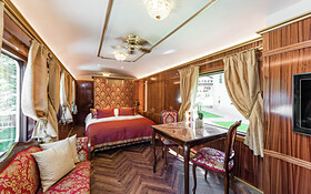 Un soggiorno eccezionale in un originale treno ferroviario - suite di lusso nel vagone: mobili in mogano lucido, rubinetteria di alta qualità, piastrelle di Versace, nobili tessuti e un velo di nostalgia. Aria condizionata e riscaldamento a pavimento garantiscono un piacevole clima interno. (prezzo per un massimo di 2 adulti e 2 bambini)
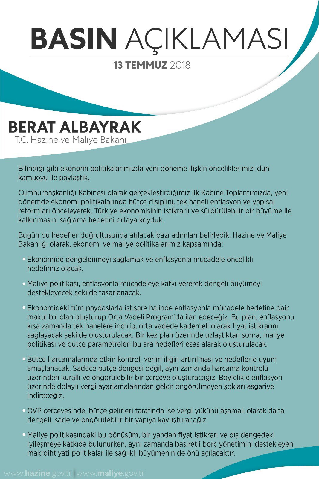 *Cumhurbaşkanlığı Kabinesi olarak gerçekleştirdiğimiz ilk Kabine Toplantımızda, yeni dönemde ekonomi politikalarında bütçe disiplini, tek haneli enflasyon ve yapısal reformları önceleyerek, Türkiye ekonomisinin istikrarlı ve sürdürülebilir bir büyüme ile kalkınmasını sağlama hedefini ortaya koyduk
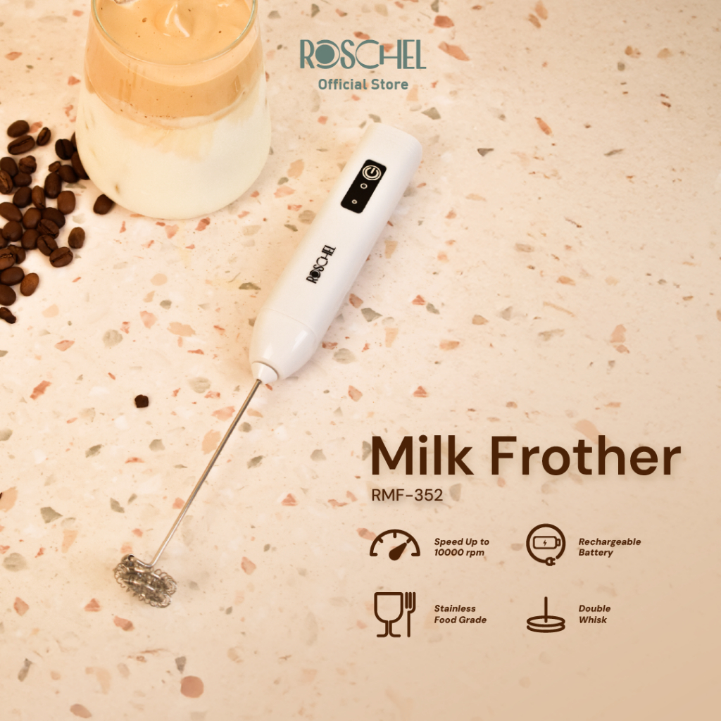 Roschel Milk Frother Portable 3 Speed Rmf-352 Pengaduk Telur Dan Susu Praktis Rechargeable
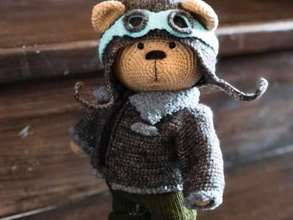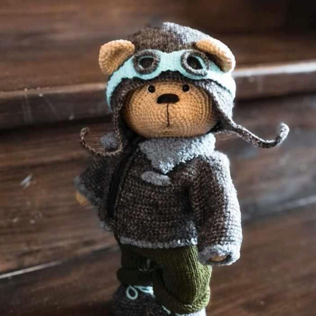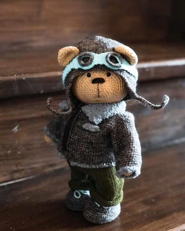 Мастер-класс в формате pdf 28 стр. Состав: шапочка, очки, ботинки, комбинезон, куртка летчика, самолет.
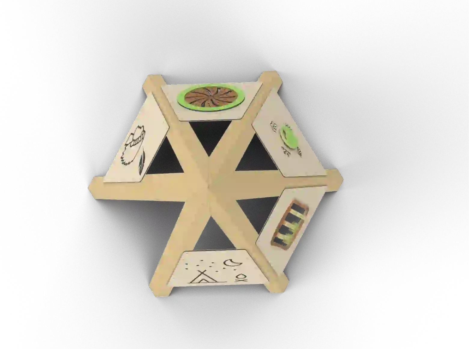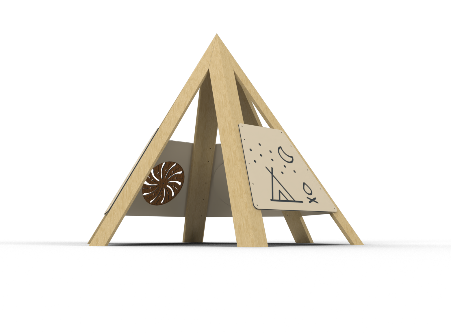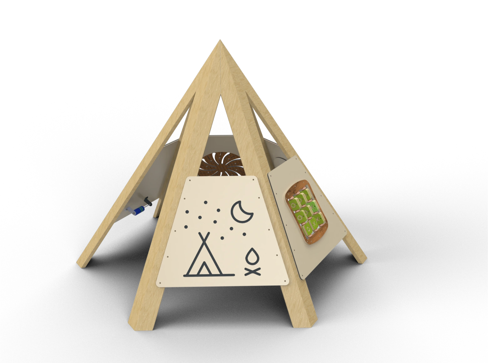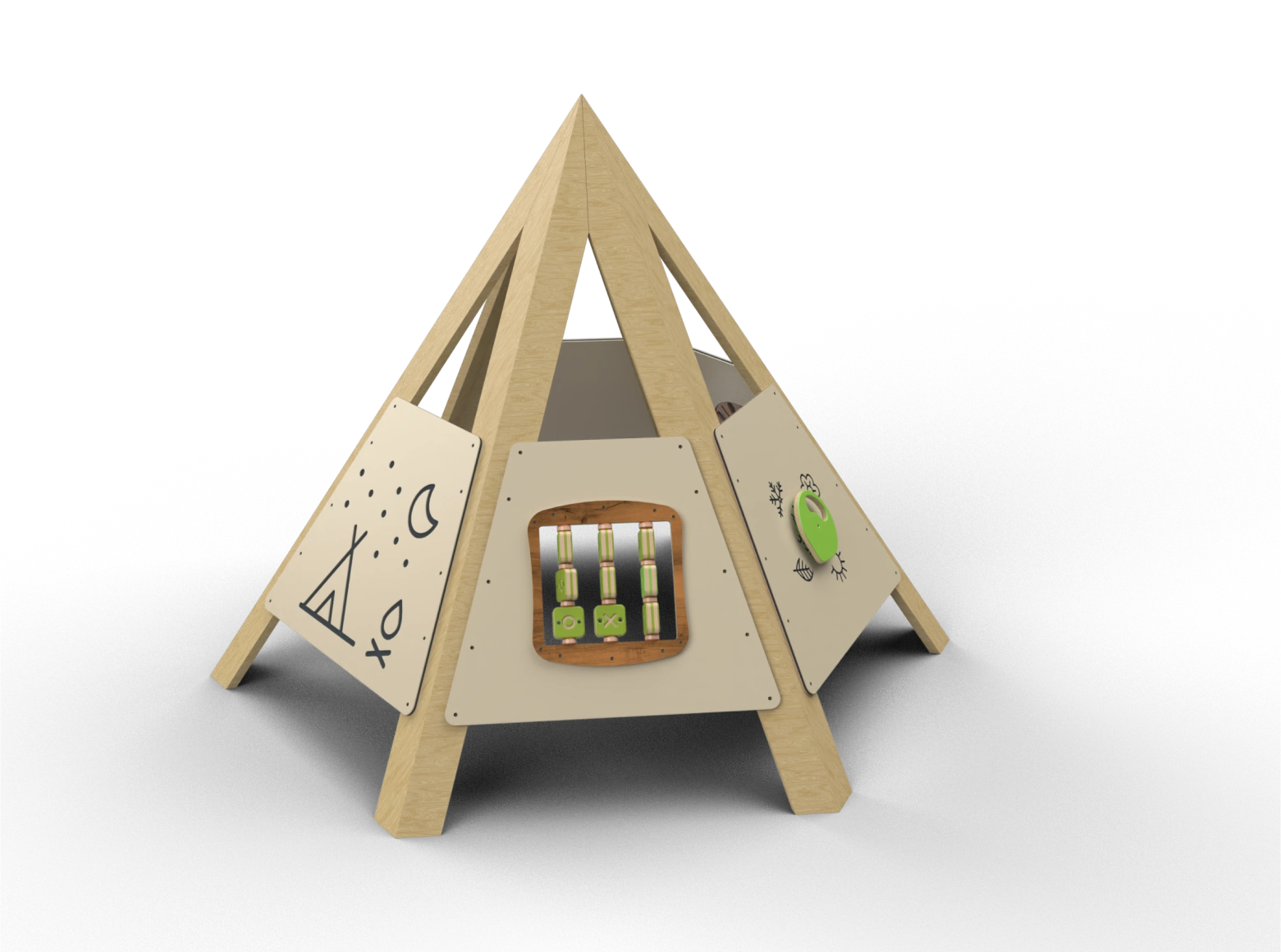 This Robinia Teepee structure combines natural Robinia Wood with children’s play panels, offering various play experiences such as tic-tac-toe and a seasons panel. The Teepee invites children to enter an imaginary world where they can play, communicate, and engage in diverse activities within a structure designed to resemble a Native American teepee. The installation encourages the development of children’s imagination, creativity, and social skills while providing an enjoyable and enriching play experience.

-- -- --

## The problem
Set down every entry above exactly as written, but skip the pictures.

## Task response
 Un soggiorno eccezionale in un originale treno ferroviario - suite di lusso nel vagone: mobili in mogano lucido, rubinetteria di alta qualità, piastrelle di Versace, nobili tessuti e un velo di nostalgia. Aria condizionata e riscaldamento a pavimento garantiscono un piacevole clima interno. (prezzo per un massimo di 2 adulti e 2 bambini)
 *Cumhurbaşkanlığı Kabinesi olarak gerçekleştirdiğimiz ilk Kabine Toplantımızda, yeni dönemde ekonomi politikalarında bütçe disiplini, tek haneli enflasyon ve yapısal reformları önceleyerek, Türkiye ekonomisinin istikrarlı ve sürdürülebilir bir büyüme ile kalkınmasını sağlama hedefini ortaya koyduk
 Roschel Milk Frother Portable 3 Speed Rmf-352 Pengaduk Telur Dan Susu Praktis Rechargeable
 Мастер-класс в формате pdf 28 стр. Состав: шапочка, очки, ботинки, комбинезон, куртка летчика, самолет.
 This Robinia Teepee structure combines natural Robinia Wood with children’s play panels, offering various play experiences such as tic-tac-toe and a seasons panel. The Teepee invites children to enter an imaginary world where they can play, communicate, and engage in diverse activities within a structure designed to resemble a Native American teepee. The installation encourages the development of children’s imagination, creativity, and social skills while providing an enjoyable and enriching play experience.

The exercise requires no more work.